BCC, providing a userland interface on top of a kernel-only one, enables BCC C code to specify I/O data structures that map to the ones in <linux/bpf.h> through the use of BCC-provided macros. The primary benefit of these structures is that they may allocate much more storage space than is otherwise provided on the eBPF stack and are they are considered a valid copy target for reading arbitrary kernel memory (there are some inconsistent “protections” around copying pointer addresses directly onto the eBPF stack). unixdump uses a BPF_PERCPU_ARRAY() to store (potentially large) message content as it enables easier iterating of ring buffer slots. For simpler one-off event notifications, BCC C supports setting and registering a perf_event output ring buffer-based output struct through BPF_PERF_OUTPUT(); the perf_submit() helper function may then be called on the output object declared by the macro. This function call is actually translated into a bpf_perf_event_output() helper function call through BCC’s code generation.

Dividing our message content and event metadata across these two storage mechanisms enables us to better tune memory usage; and detect, mitigate, and report when unixdump is bottlenecking against the system. One major difference between these two I/O mechanisms is that BPF_PERF_OUTPUT()-registered data structures will be automatically parsed/deserialized by BCC, whereas BCC-registered tables/arrays/maps will be provided to registered event handlers as raw byte buffers, necessitating the use of custom Python ctypes parsing logic. However, One major pain point to be aware of with this behavior of BCC is that in the former case, char[] fields will be parsed as NUL-terminated C strings, and all data after a NULL byte will be lost; it may not be recovered by using ctypes.string_at. The solution is to use uint8_t[] for non-C string data, as it will result in BCC reading all of the data.

When writing unixdump, we quickly learned that display server traffic (e.g. X11) for terminal applications goes over Unix domain sockets. A naive implementation would quickly result in a feedback loop that would suck up memory and CPU resources. Since we wanted to avoid locking up the system, and since we also wanted to capture tunable amounts of data larger than the eBPF stack size (since eBPF cannot perform dynamic allocations), we went with a CLI-configurable ring buffer for content storage. The current implementation will simply drop events (but notify userland of the drop with additional metadata) if the ring buffer slot is still in use by the time it is needed again. We also do not directly perf_submit the large slots of the ring buffer as this resulted in a large number of kernel-dropped perf events. Instead we perf_submit smaller event metadata, which includes information like PIDs, socket paths, and the index of the ring buffer slot synced to userspace using the bpf_map_* APIs. This results a slight “race condition” in that the ring buffer slot may not yet be accessible to userspace by the time we attempt to access it. However, this delay is not subject to the ABA problem or any similar use-after-free-like issues as the userland pages will have always been cleared by the userspace code prior to being updated by the kernel. We use a few fallback mechanisms to poll at it depending on whether or not event order preservation is necessary, but will give up after a few tries as we have observed complete losses of the data in some circumstances where the slot never updates. It is currently unclear if this is due to a flaw in BCC or the Linux kernel itself.
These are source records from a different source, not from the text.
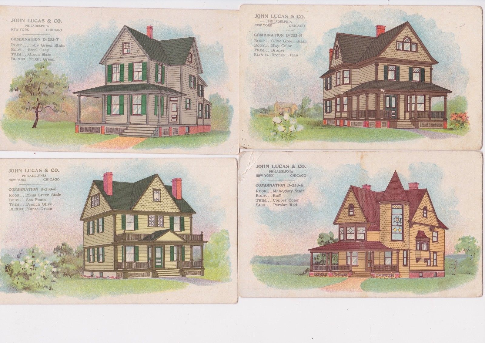 Vtg LUCAS PAINT Trade Card Lot of 4 Victorian Houses 4 Different Warner Park PA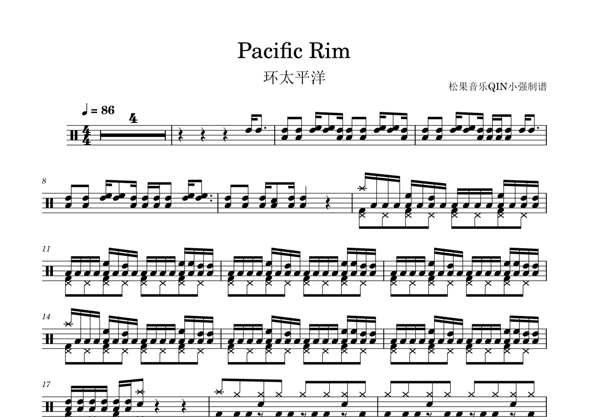 《环太平洋》是环太平洋演唱的一首歌曲,拍号为4/4拍,这份架子鼓谱共有四张高清图谱,图谱由 @松果音乐QIN小强 编配上传,图谱使用五线谱编配,使用这份环太平洋架子鼓谱,你将能够轻松地敲打出这首环太平洋的环太平洋,快来尝试吧。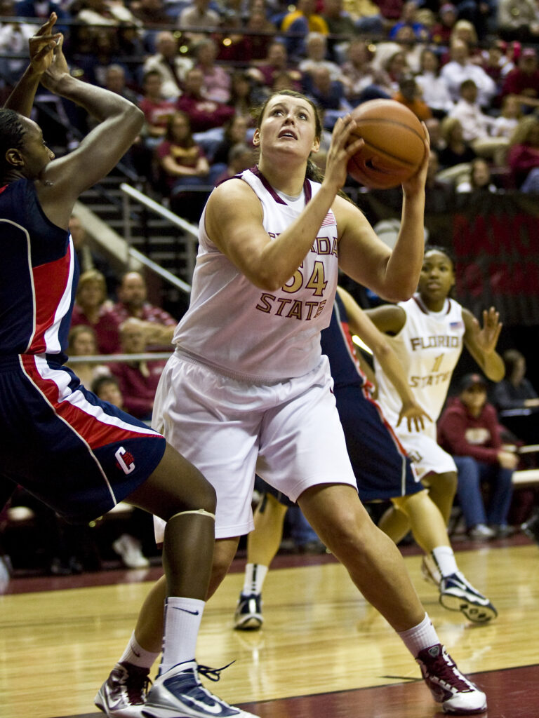 Sophomore C Cierra Bravard showed off her versatility during the 2009-10 season as FSU won another ACC regular season co-championship (shared with Duke). She recorded 10 double-doubles and had a knack for drawing fouls, going 64-of-94 from the free-throw line. She was one of only three Seminoles with at least 150 boards that season. Bravard recorded 10 points and a season-high nine rebounds off the bench in FSU’s victory over Mississippi State in the Sweet 16, helping the Seminoles to the first Elite Eight appearance in program history. At the end of her career, Bravard made a statement with 453 free throws made, the most since FSU Athletics Hall of Famer Sue Galkantas (485).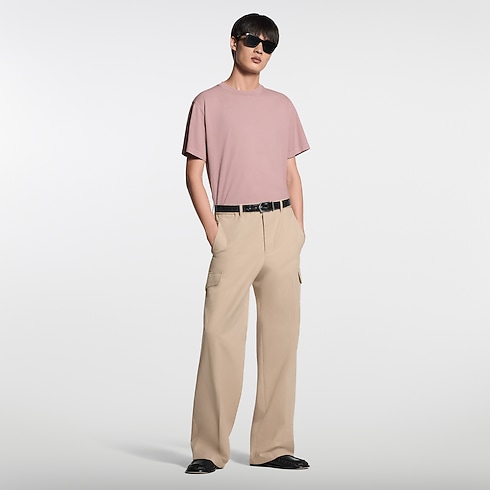 Questa T-shirt in cotone biologico della sfilata Primavera-Estate 2026 è proposta nell'iconica tonalità rosa polvere della stagione. La finitura effetto lavato, dal sapore vintage, si ispira all'antica tradizione indiana della tintura naturale, che caratterizza l'intera collezione. Un raffinato logo ricamato impreziosisce il petto, mentre un'applicazione in pelle con firma Marque L. Vuitton déposée rifinisce il retro.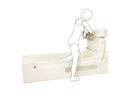 リフト付きシャワーキャリーの設置に対応しています。エプロンには補強が入っているので、浴槽フランジ挟み込み式の手すりの設置が可能です。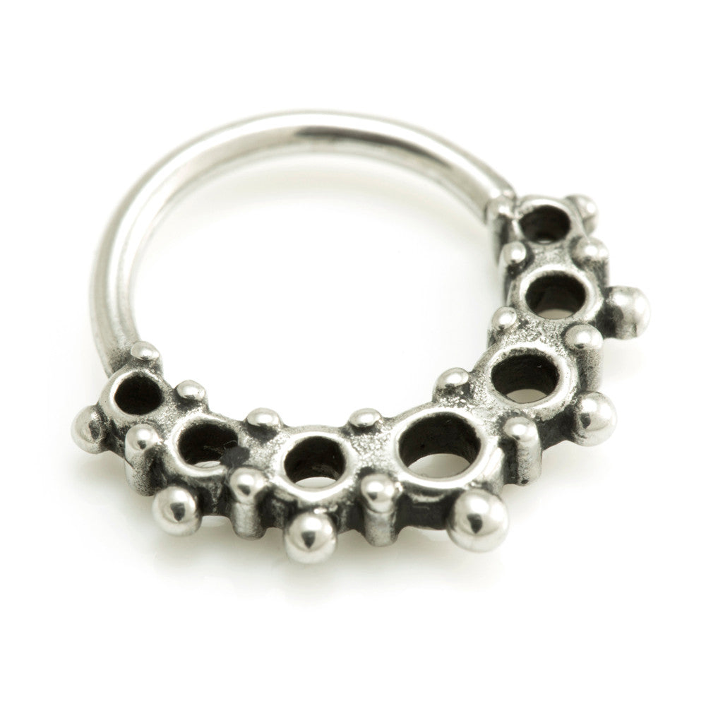 Open by hand - Seamless Septum / Ear Rings in Bohemian designs Made from cast steel - annealed for easy opening Sizes: 0.8mm x 7/8mm, 1mm x 7/8mm, 1.2mm x 8/10mm Can also be worn through tunnels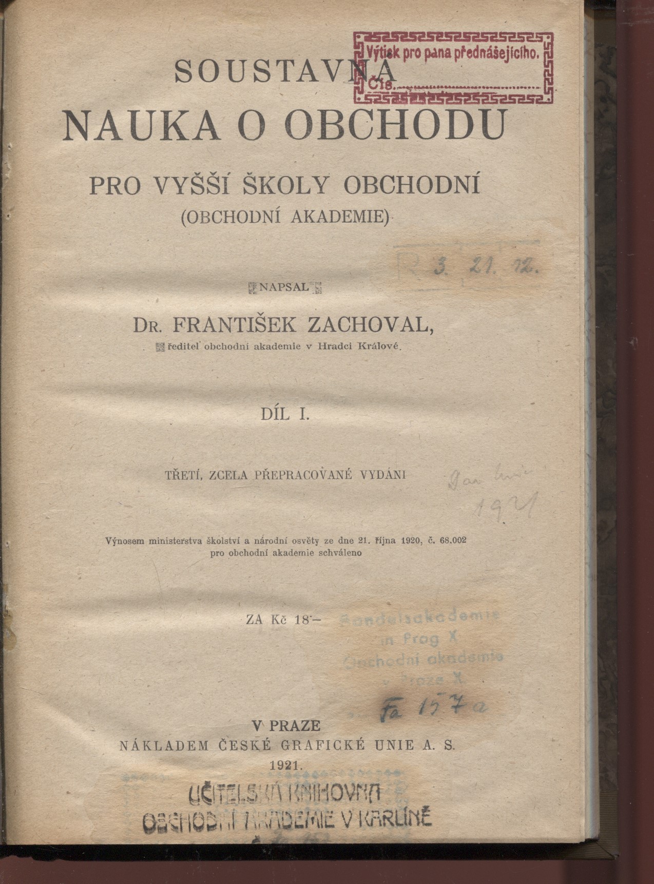 Horší stav, obálka je odřená a ušpiněná, hřbet je v dolní části téměř do poloviny natržený. Knižní blok je uvolněný z obálky, v textu je podtrháváno propiskou. Nerozřezáno.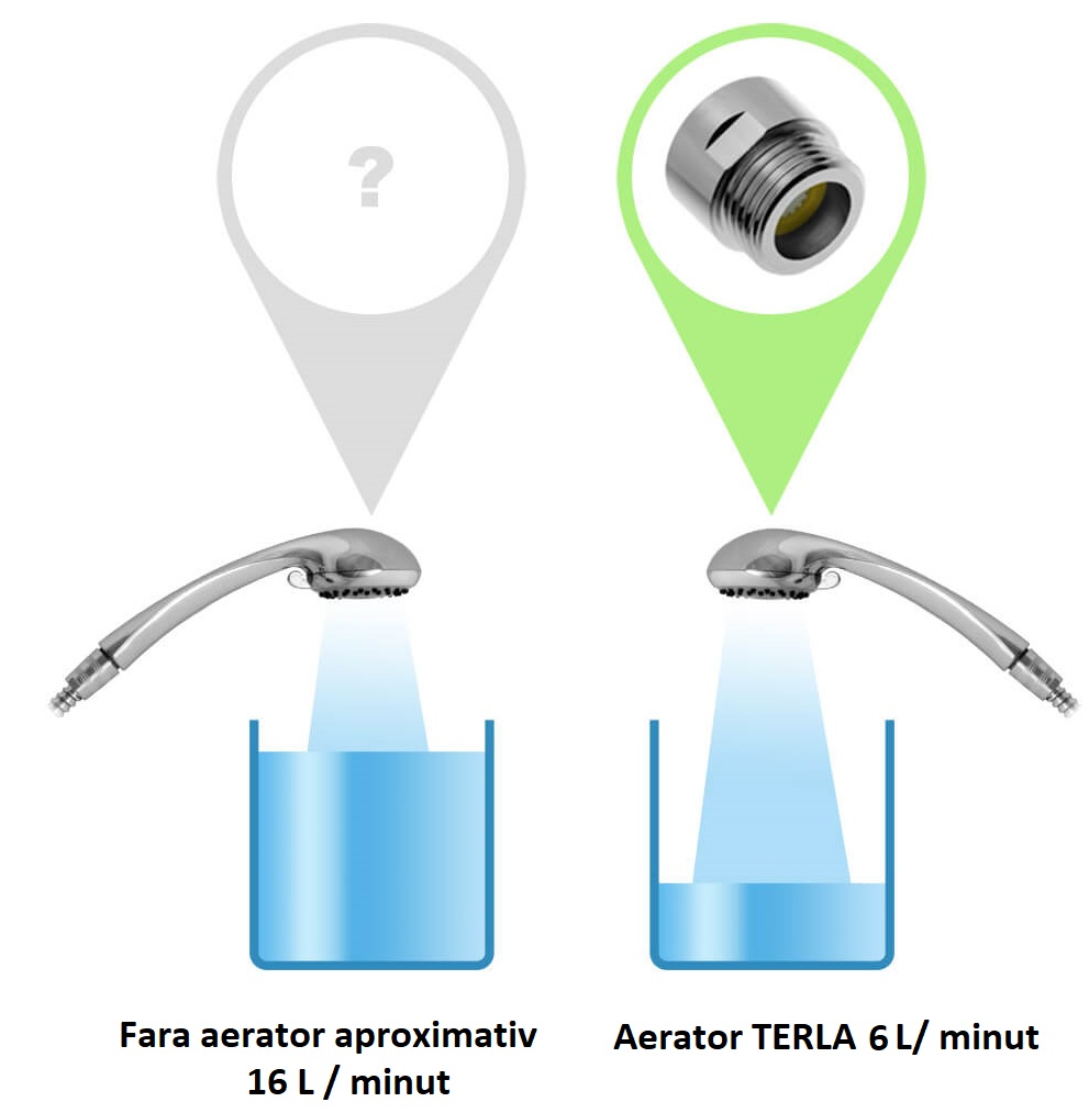 ECONOMIE DE APA de pana la 50% fara a diminua foarte mult confortul in utilizare. O baterie de dus standard nu este echipata cu accesorii de reducere a consumului de apa are un debit mediu de 13-16 l/min. Aeratorul se monteaza foarte usor la furtunul de dus. Fara un aerator, de obicei, apa curge din para de dus cu un flux mare.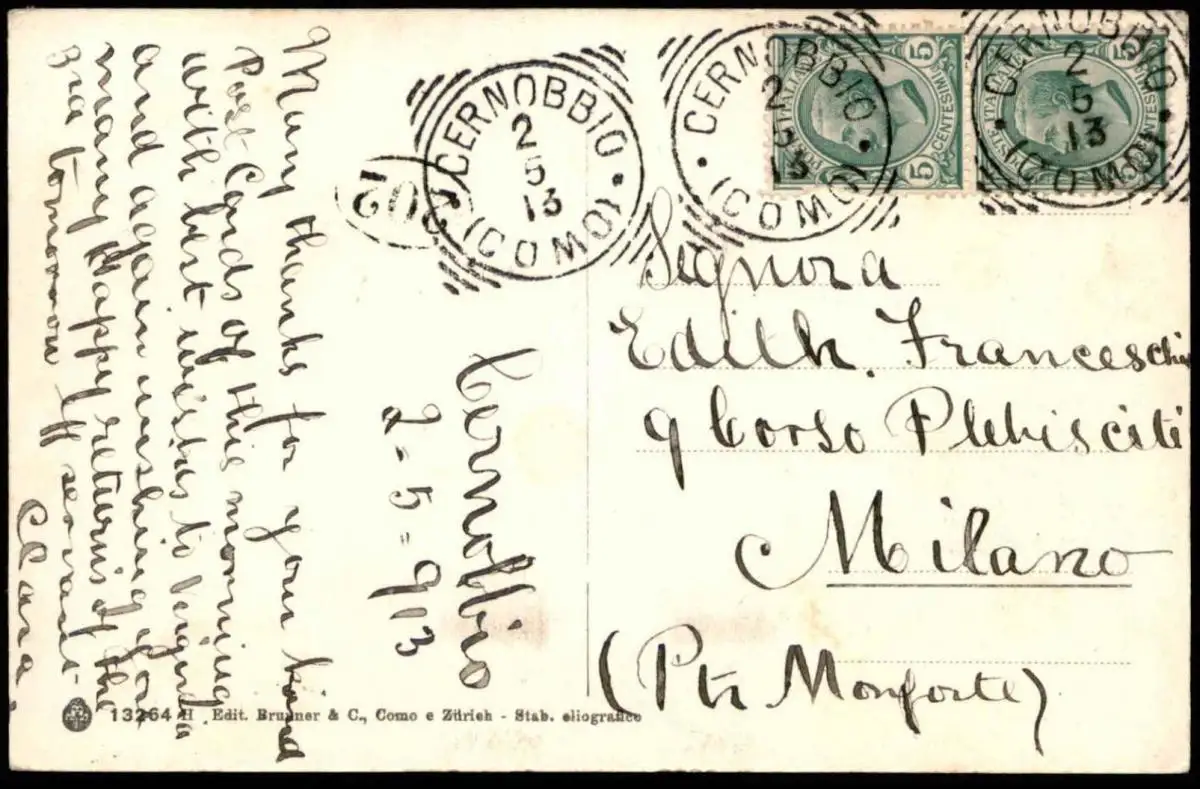 Gelaufen: 02.05.1913 mit Stempel Cernobbio (Como) nach Mailand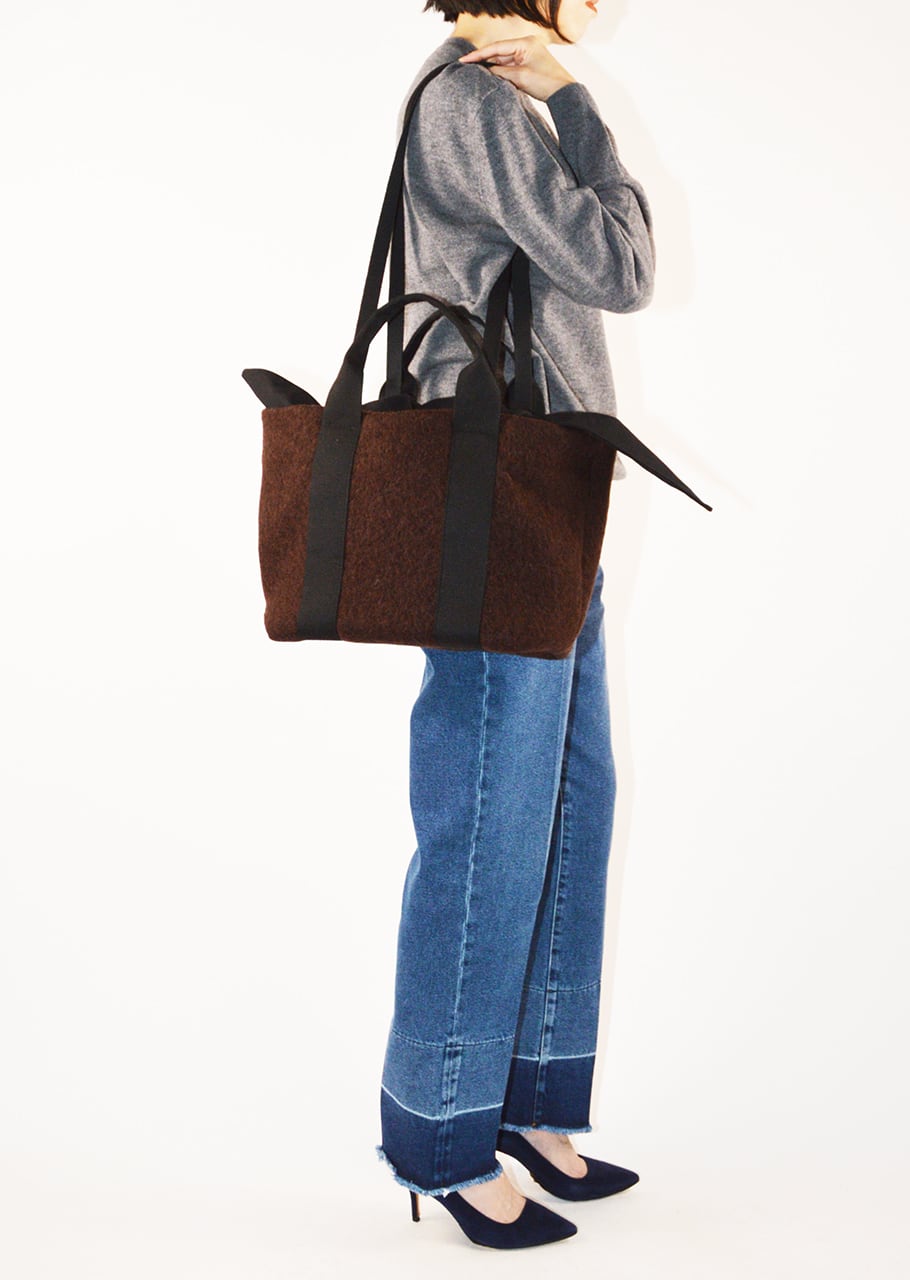 ウール素材を用いたトートバッグ。ウールならではのウォーム感ある質感が印象的です。A4サイズの書類も入るサイズ感でビジネスシーンでも活躍してくれます。バッグのトップ部分は裏地とつながったリボンを縛る仕様。秋冬らしい季節感をバッグでいち早く取り入れるのもおすすめです。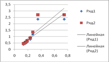 Рис1. Калибровочная кривая для зеленых пигментов (ряд1 – хлорофилл а, ряд 2 – хлорофилл в)

For better throughput, we perform various checks to determine whether it is worth it to continue processing. For example, we will bail out early if various validation checks do not pass (e.g. if certain metadata is missing or unexpected). On top of this, we provide a number of in-kernel filters to reduce and refine the amount of processing done in the kernel. Users can filter on specific Unix domain socket paths (or match path prefixes) and PIDs. It is also possible to exclude certain noisy PIDs altogether (e.g. the GUI terminal process rendering the output of its own Unix socket communication with the display server, or the display server itself). Using the filters will reduce the amount of data copied to the fixed-size perf_events ring buffer and therefore help to prevent it from overfilling and dropping (“missing” in the Linux parlance) events that cannot fit. We also support configuring the size of this buffer should stable throughput still be too much for the default size.

Case Study: Sniffing Frida C2 Traffic

Frida is a popular “cross-platform dynamic instrumentation toolkit” that injects a JavaScript interpreter into a target process and uses it to run a semi-DSL of JavaScript function hooking code. The impetus for unixdump was part of a greater desire to answer a seemingly simple question: “How does Frida work?” More specifically, we were looking to find out how Frida’s agent communication protocol works. At a high-level, Frida works by attaching to a target process using platform-specific debugging APIs (i.e. ptrace(2) on Linux, task_for_pid()/mach_vm_*() on macosx, and OpenProcess()/VirtualAllocEx()/WriteProcessMemory()/CreateRemoteThread() on Windows), and then uses them to inject an “agent” that runs within the target. This agent is what runs the instrumenting JavaScript code and performs the lower-level operations invoked by it (e.g. function hooking, memory reads/writes, etc.). While Frida does support non-interactively loading a single JavaScript file, its primary mode of operation involves the use of a “client” process that interacts with the agent running within the target. In addition to the protocol used for direct attachment, Frida also supports having the client connect to a frida-server instance that makes direct attachments to targets. While we are interested in the goings-on of the direct attachment/connection case, it is worth noting that a frida-server can be loaded into a given process through frida-gadget, and that the frida-server and client libraries support several protocols to enable remote attachment to hosts over TCP and mobile devices using a TCP-forwarding mechanism to connect to a a frida-server on a USB-attached device (e.g. ADB’s TCP forwarding for Android, and usbmuxd TCP forwarding) for iOS).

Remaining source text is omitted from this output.